これも実は、「エスノグラフィー」を用いて観察した結果の会社対応が本当に効果となって表れている事例だそうです。
が・・・
日本では「エスノメソドロジー」を使える「エスノグラファー」という人材はまだまだ少ないらしい・・・(正式な認定制度もないそうです)

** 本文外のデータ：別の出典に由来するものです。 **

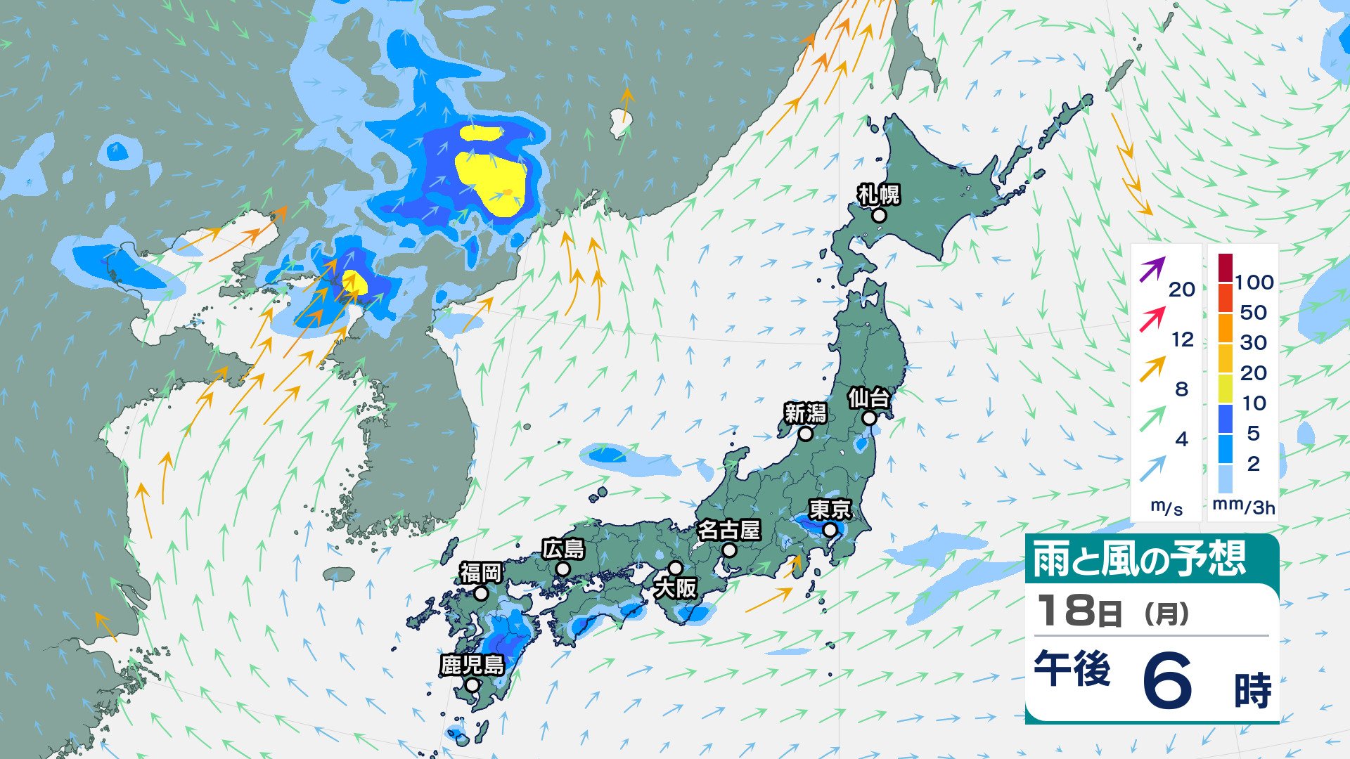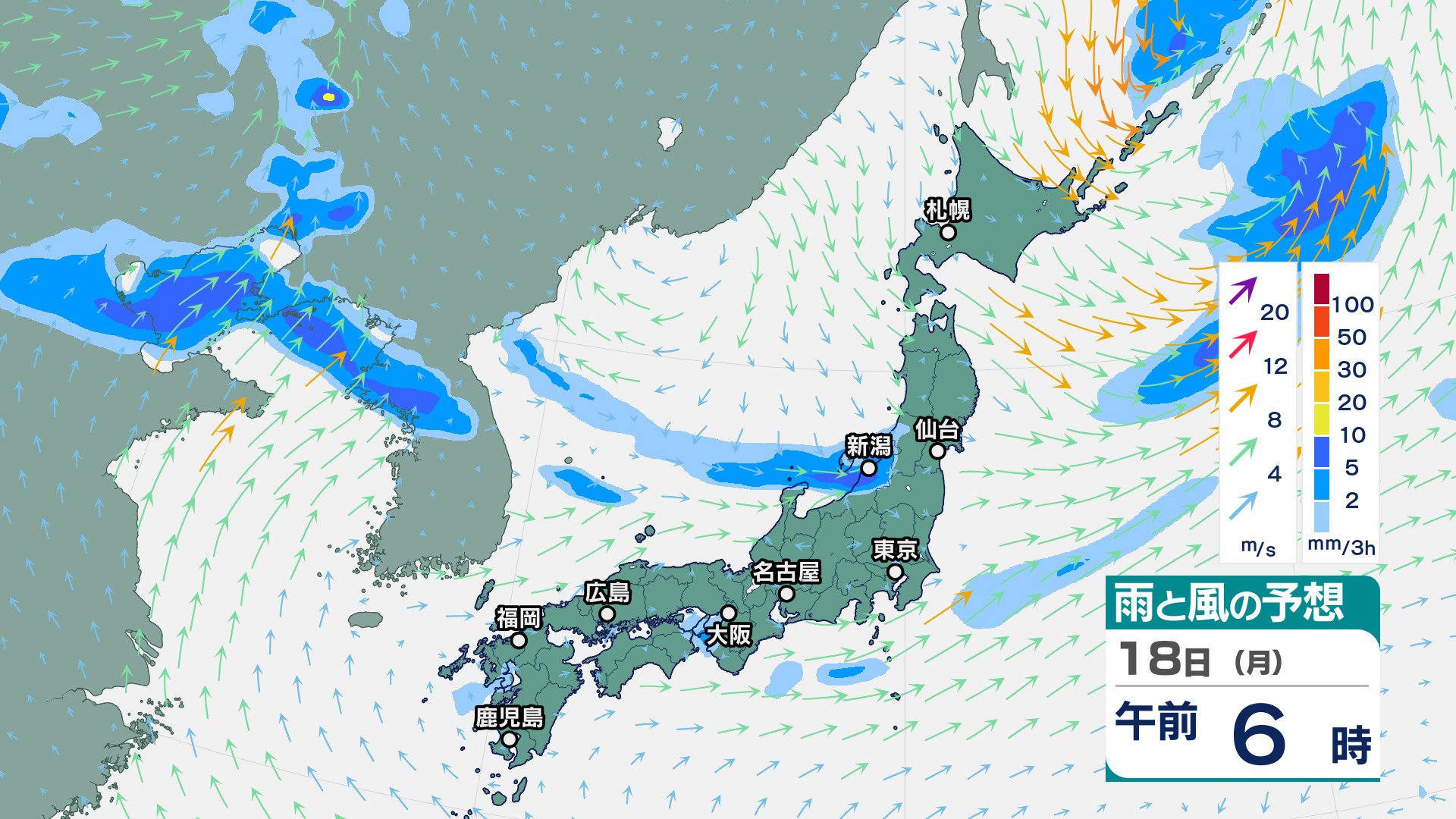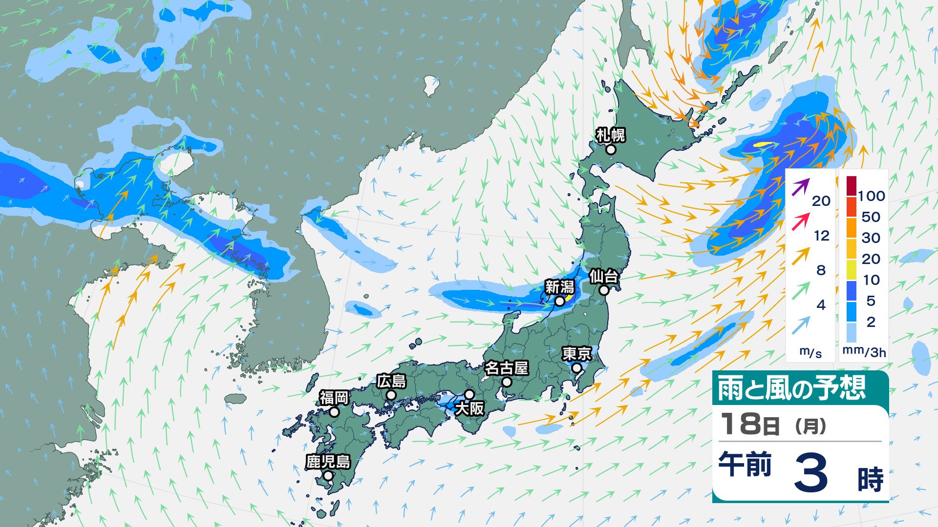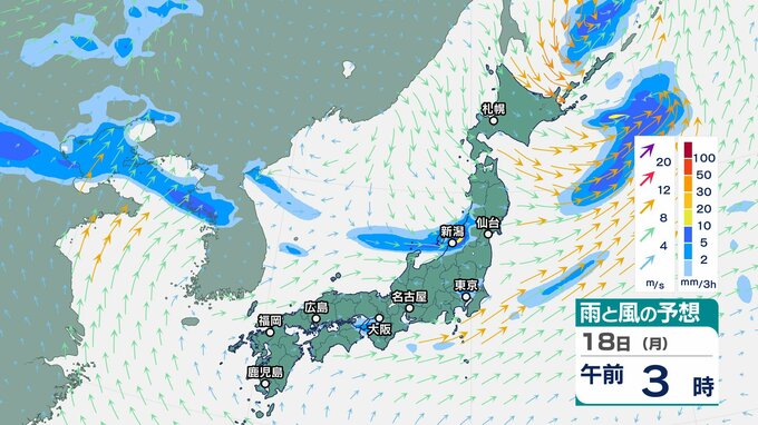 ニュースクリップ 東北地方は、雷を伴って非常に激しい雨が降り大雨となる所も…警報級の大雨の可能性も【雨と風のシミュレーション】 2025年8月17日(日) 16:07 国内 天気 18日(月)の雨風シミュレーション
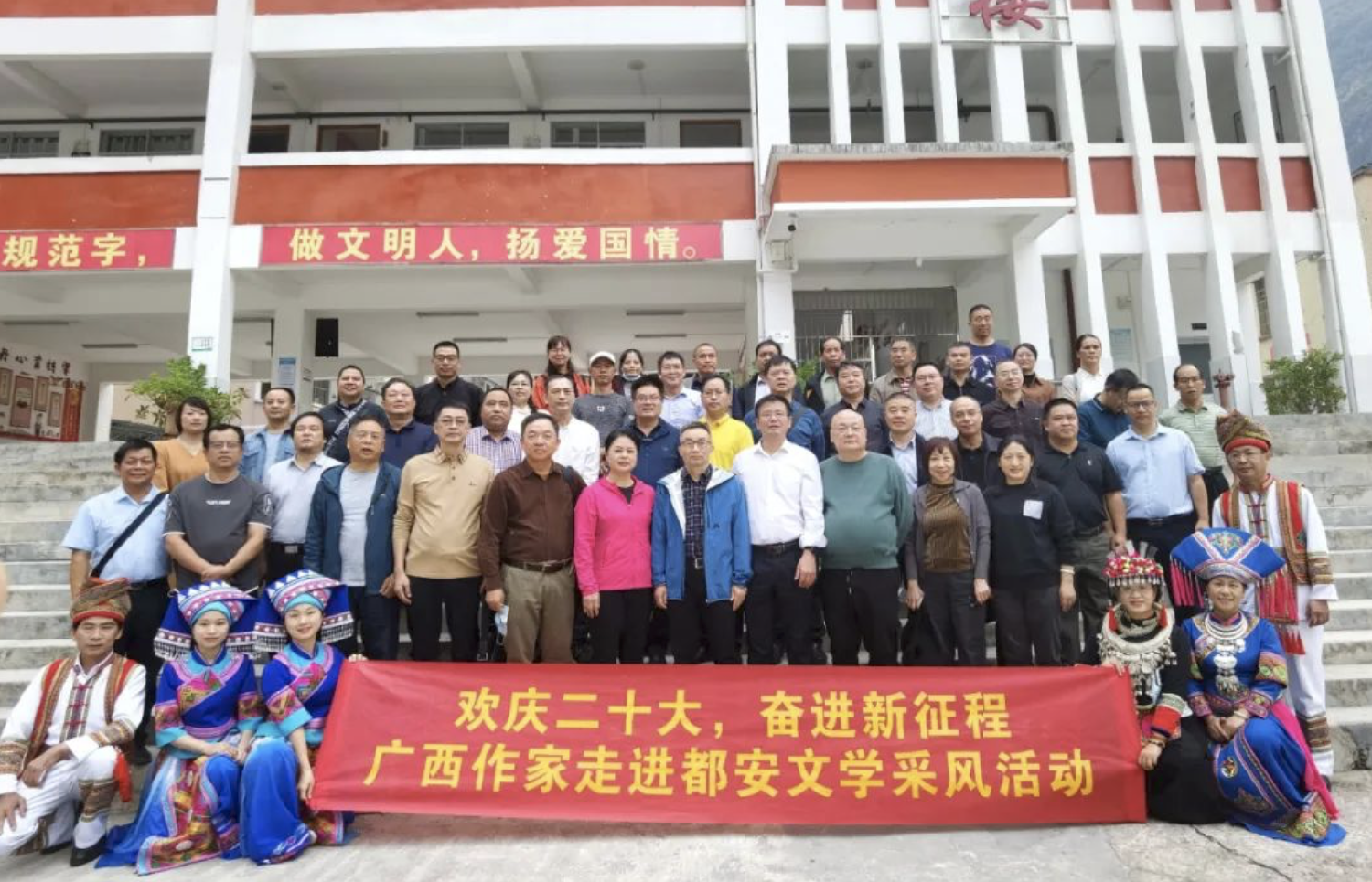 2022年10月19日至21日,《广西文学》“重返故乡”采风创作活动专程到作家凡一平故乡都安瑶族自治县菁盛乡上岭村举行,主办方在他老家门口挂上了一块“作家之家”金字牌匾,上岭村从此成为载入史册的“作家村”。这是属于凡一平老师该有的殊荣,我替他感到高兴,忍不住在酒桌上多敬他喝了一大杯“都安王老吉”。

かたや、「ビッグデータ」解析に必要な統計解析技術や「モデル化」のノウハウを持った「データサイエンティスト」という人材も圧倒的に不足していると今日の日経にも載っていました・・・
「ITスキル」と「統計解析技術」に加え、「エスノグラフィー技術」があったら産業界全体から見てもニッチなノウハウを持つ小企業を目指せるかも!!
MOT・・・もう少し・・・というかあと1年半強デス (;´ρ`)、頑張ってみようと思います。